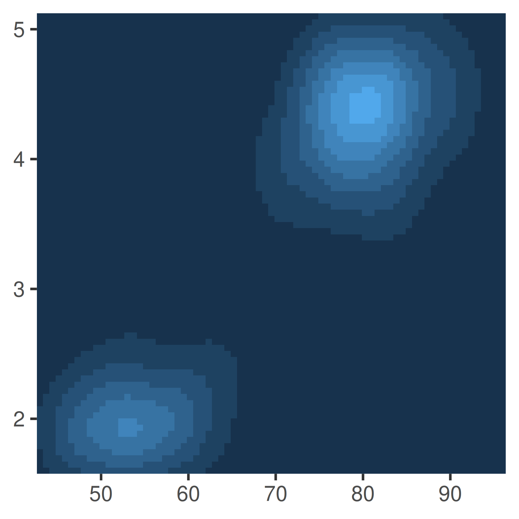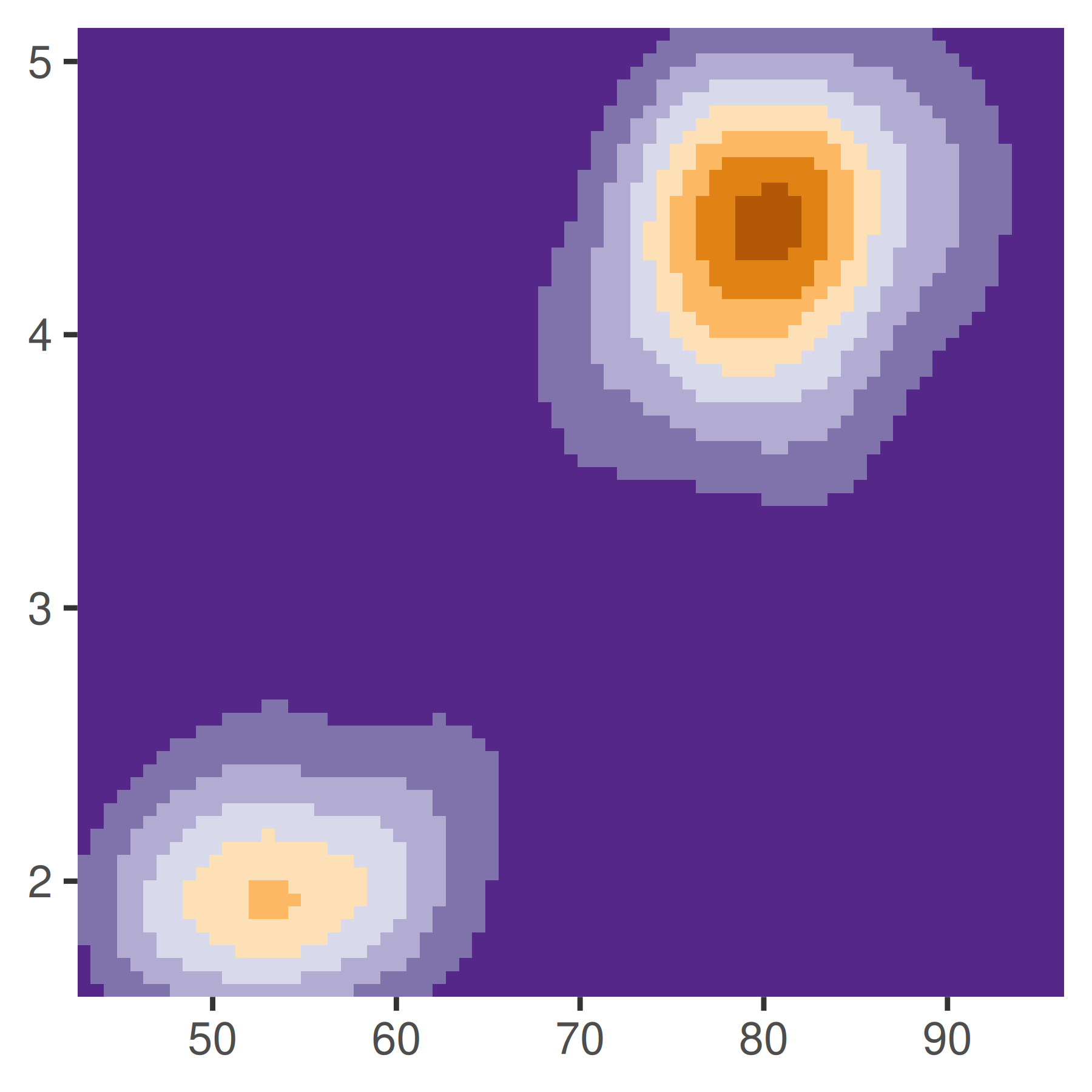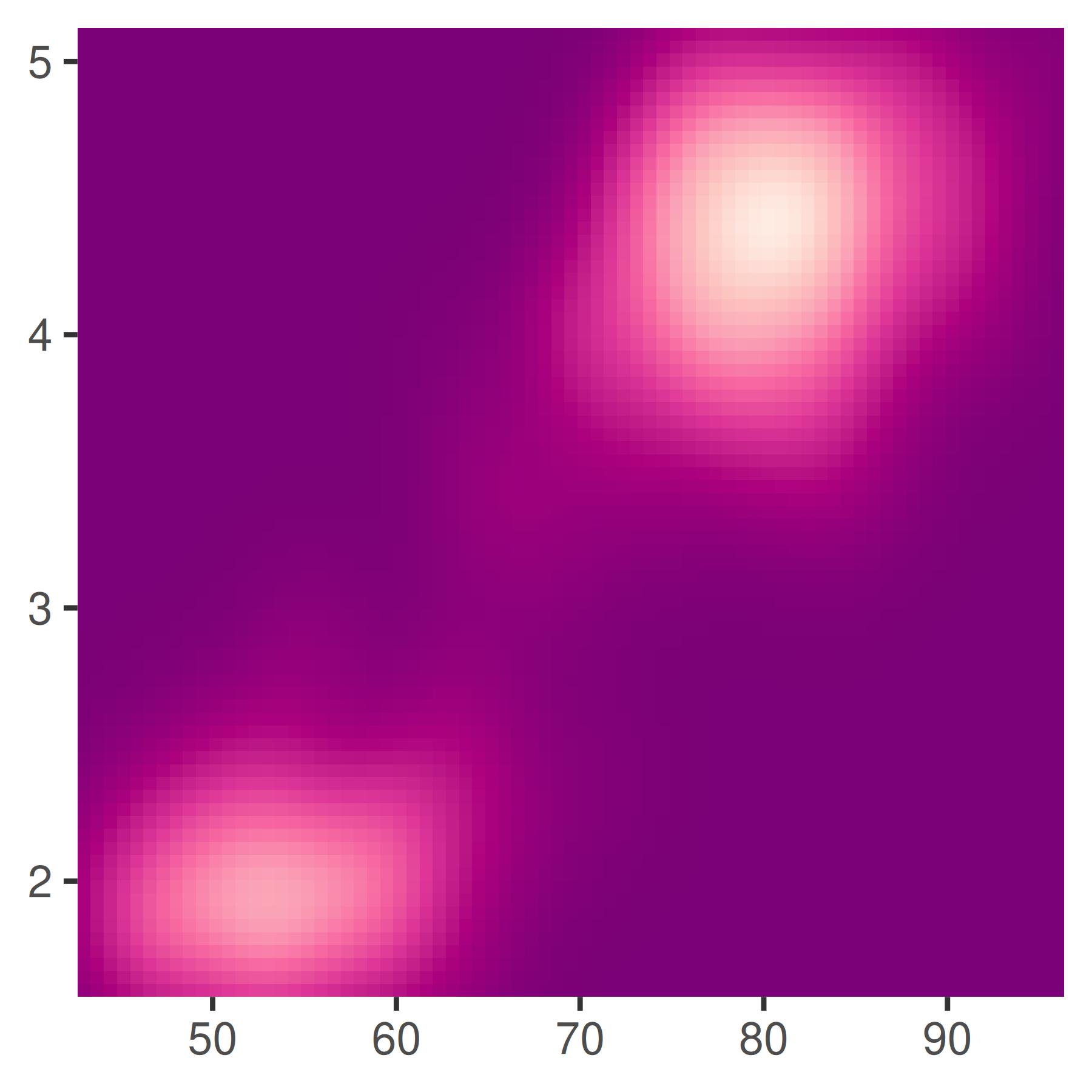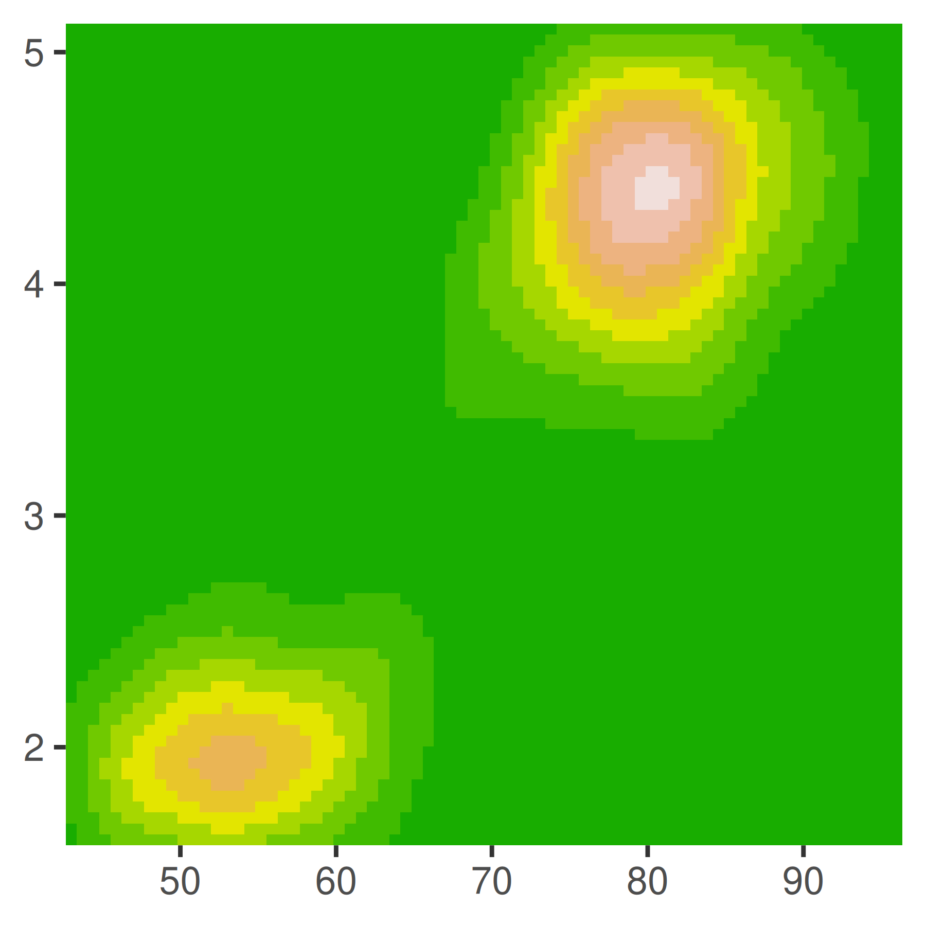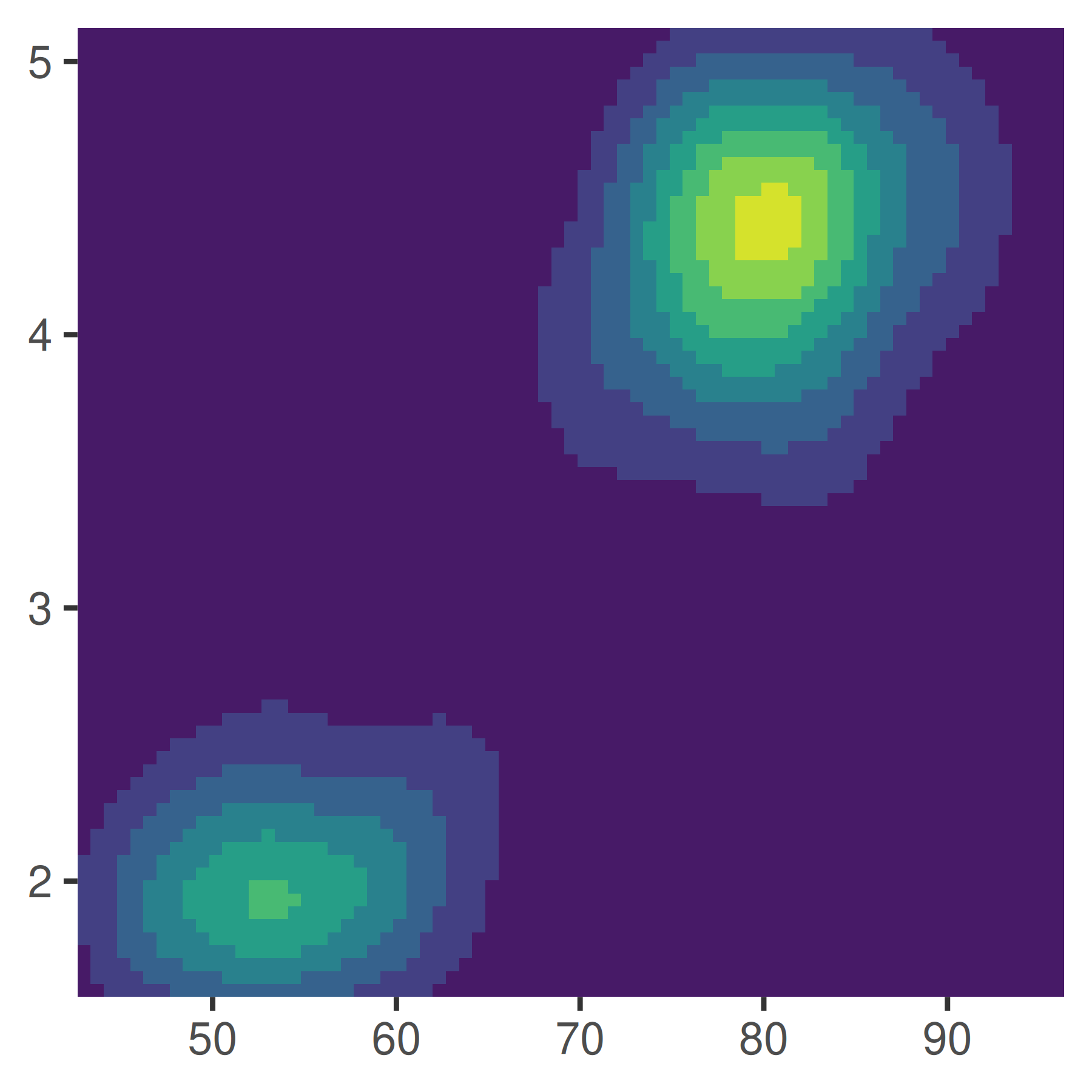 Los degradados de color se utilizan a menudo para mostrar la altura de una superficie 2D. Los gráficos de esta sección utilizan la superficie de una estimación de densidad 2D del conjunto de datos faithful (Azzalini y Bowman 1990), que registra el tiempo de espera entre erupciones y durante cada erupción del géiser Old Faithful en el Parque Yellowstone. Ocultamos las leyendas y configuramos expand en 0, para centrarnos en la apariencia de los datos. Recuerde: aunque usamos la gráfica erupt para ilustrar conceptos usando una estética de relleno, las mismas ideas se aplican a las escalas de color. Cada vez que hacemos referencia a scale_fill_*() en esta sección, hay un scale_color_*() correspondiente para la estética del color (o scale_color_*() si prefiere la ortografía estadounidense).
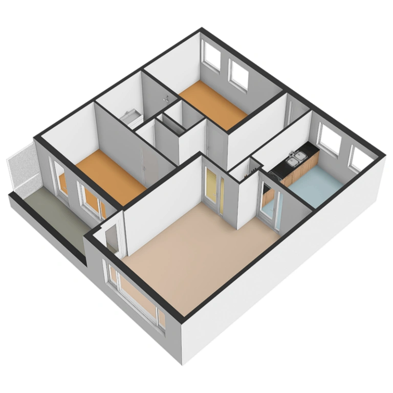 The apartment has two bedrooms. Bedroom 1 is located at the backside and offers enough space for a double bed and wardrobe. The bedroom also provides access to the balcony. Bedroom 2 is located at the front and is also spacious.
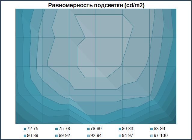 По представленной диаграмме поверхности можно наглядно увидеть, как сосредоточен уровень яркости по полю матрицы. Яркость в 100 нит была выявлена только в центре панели. Больше всего затемнена вся нижняя часть матрицы. Возможно, она сильно пережата в этом месте, но это лишь догадки.
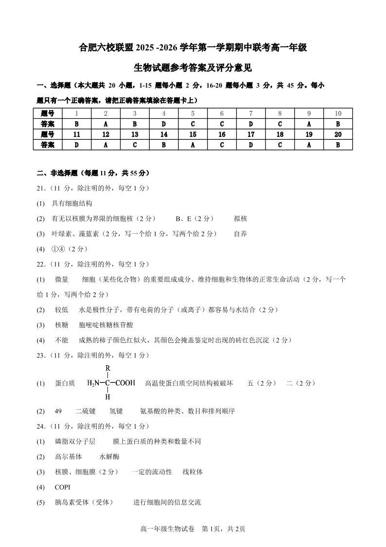 合肥市普通高中六校联盟2025年秋季学期高一年级期中考试 生物答案.pdf
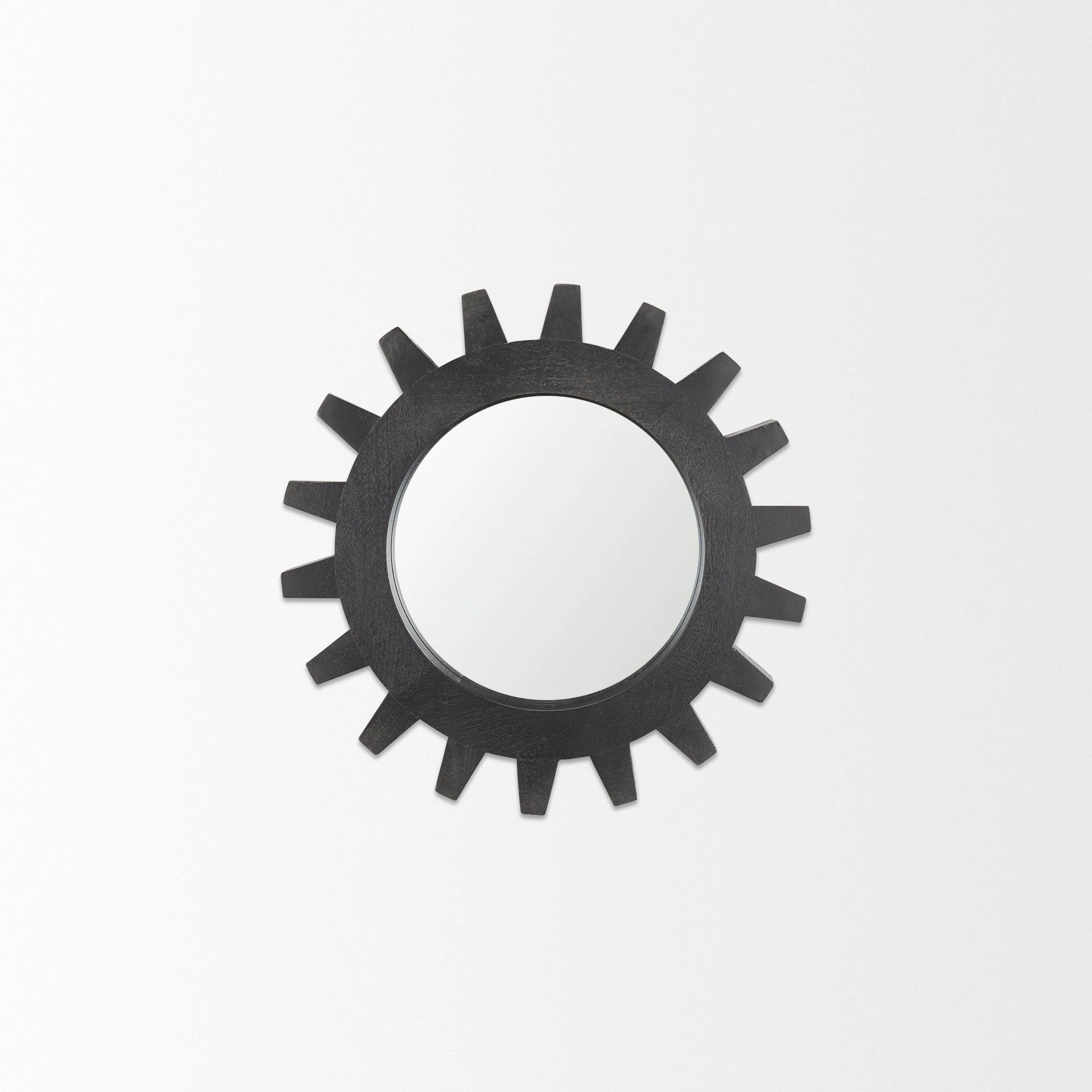 ย Crafted from wood and finished inย a matte-black finish, the Sundance Cog III is a stunning round mirror with triangular, cog-like grooves on the frame. Spanning 17″ in diameter, thisย stylish wall mirror looks gorgeous by itself or when grouped with others in the Cog Mirror series as a collection, especially in spaces based on theย Industrial design styles.ย ย
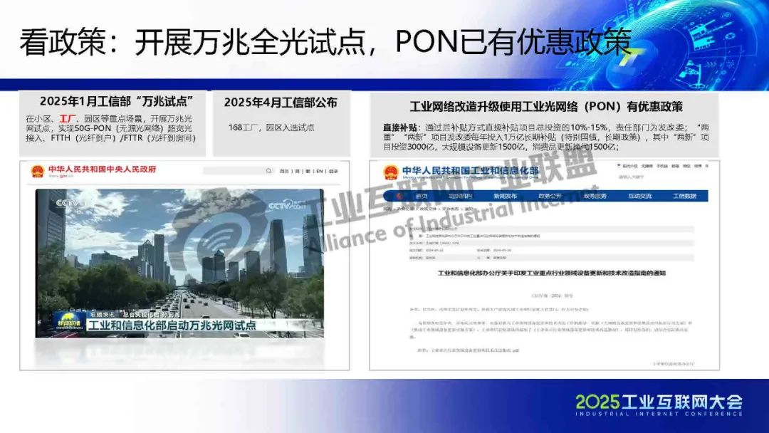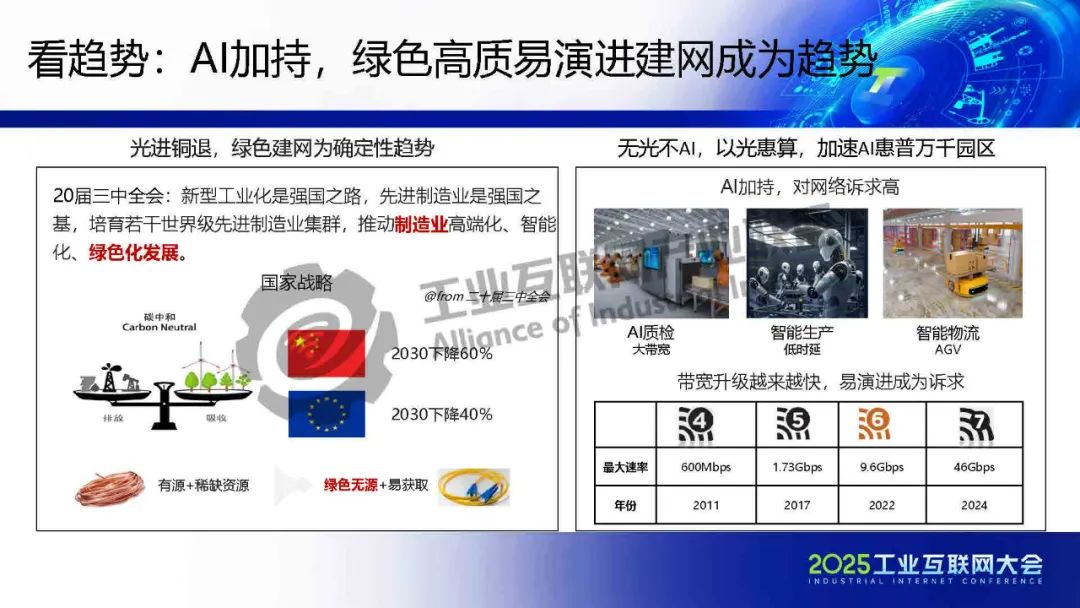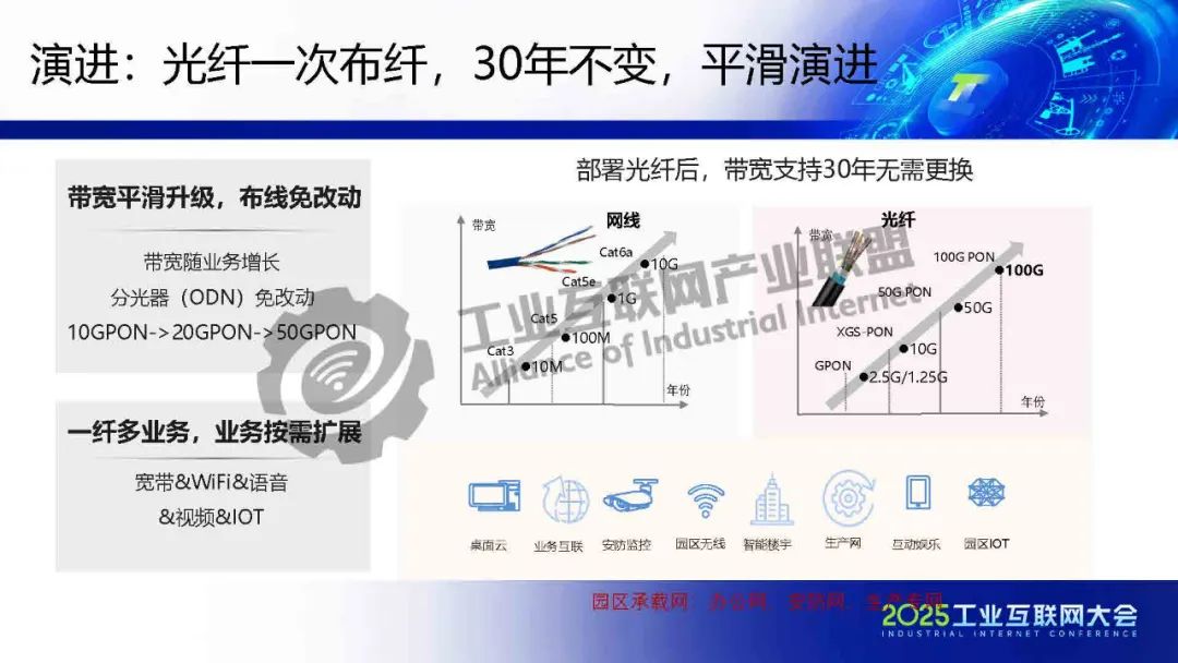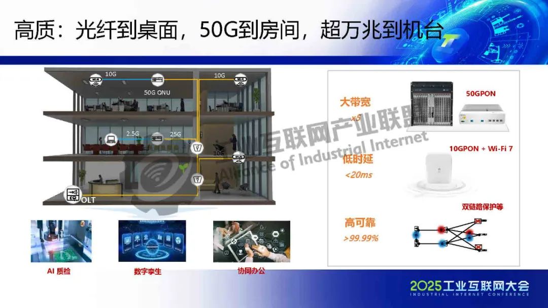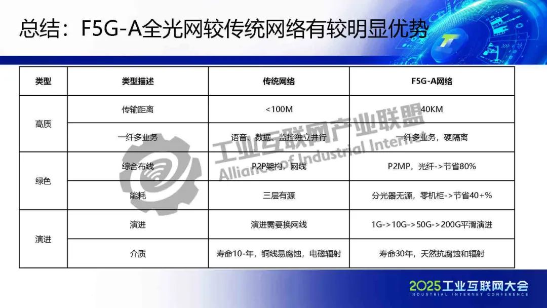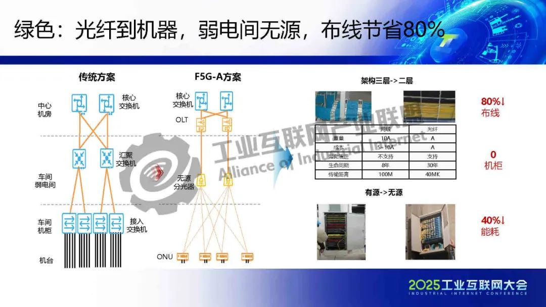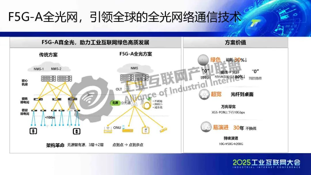 F5G-A全光網通過架構革新和全光化升級,為工業互聯網提供綠色高效的通信解決方案。相比傳統方案,F5G-A采用統一網管和光線路終端,實現三大核心優勢:一是綠色節能,能耗降低30%,以光纖替代銅線實現零電磁干擾,減少80%弱電間建設和維護成本。二是超寬性能,支持光纖到桌面的10Gbps對稱帶寬。三是長期兼容,線路30年無需更換并可平滑升級至200G速率。通過將網絡架構從3層簡化為2層、拓撲從點到點優化為點到多點,F5G-A在降低復雜度的同時提升了傳輸效率,為工業數字化轉型提供了高帶寬、低時延、可持續的新一代網絡基礎設施。

**TASK TO COMPLETE:**
The answer should hold every line of the listing, copied exactly, with no pictures.

**FINAL ANSWER:**
 Los degradados de color se utilizan a menudo para mostrar la altura de una superficie 2D. Los gráficos de esta sección utilizan la superficie de una estimación de densidad 2D del conjunto de datos faithful (Azzalini y Bowman 1990), que registra el tiempo de espera entre erupciones y durante cada erupción del géiser Old Faithful en el Parque Yellowstone. Ocultamos las leyendas y configuramos expand en 0, para centrarnos en la apariencia de los datos. Recuerde: aunque usamos la gráfica erupt para ilustrar conceptos usando una estética de relleno, las mismas ideas se aplican a las escalas de color. Cada vez que hacemos referencia a scale_fill_*() en esta sección, hay un scale_color_*() correspondiente para la estética del color (o scale_color_*() si prefiere la ortografía estadounidense).
 The apartment has two bedrooms. Bedroom 1 is located at the backside and offers enough space for a double bed and wardrobe. The bedroom also provides access to the balcony. Bedroom 2 is located at the front and is also spacious.
 По представленной диаграмме поверхности можно наглядно увидеть, как сосредоточен уровень яркости по полю матрицы. Яркость в 100 нит была выявлена только в центре панели. Больше всего затемнена вся нижняя часть матрицы. Возможно, она сильно пережата в этом месте, но это лишь догадки.
 合肥市普通高中六校联盟2025年秋季学期高一年级期中考试 生物答案.pdf
 ย Crafted from wood and finished inย a matte-black finish, the Sundance Cog III is a stunning round mirror with triangular, cog-like grooves on the frame. Spanning 17″ in diameter, thisย stylish wall mirror looks gorgeous by itself or when grouped with others in the Cog Mirror series as a collection, especially in spaces based on theย Industrial design styles.ย ย
 F5G-A全光網通過架構革新和全光化升級,為工業互聯網提供綠色高效的通信解決方案。相比傳統方案,F5G-A采用統一網管和光線路終端,實現三大核心優勢:一是綠色節能,能耗降低30%,以光纖替代銅線實現零電磁干擾,減少80%弱電間建設和維護成本。二是超寬性能,支持光纖到桌面的10Gbps對稱帶寬。三是長期兼容,線路30年無需更換并可平滑升級至200G速率。通過將網絡架構從3層簡化為2層、拓撲從點到點優化為點到多點,F5G-A在降低復雜度的同時提升了傳輸效率,為工業數字化轉型提供了高帶寬、低時延、可持續的新一代網絡基礎設施。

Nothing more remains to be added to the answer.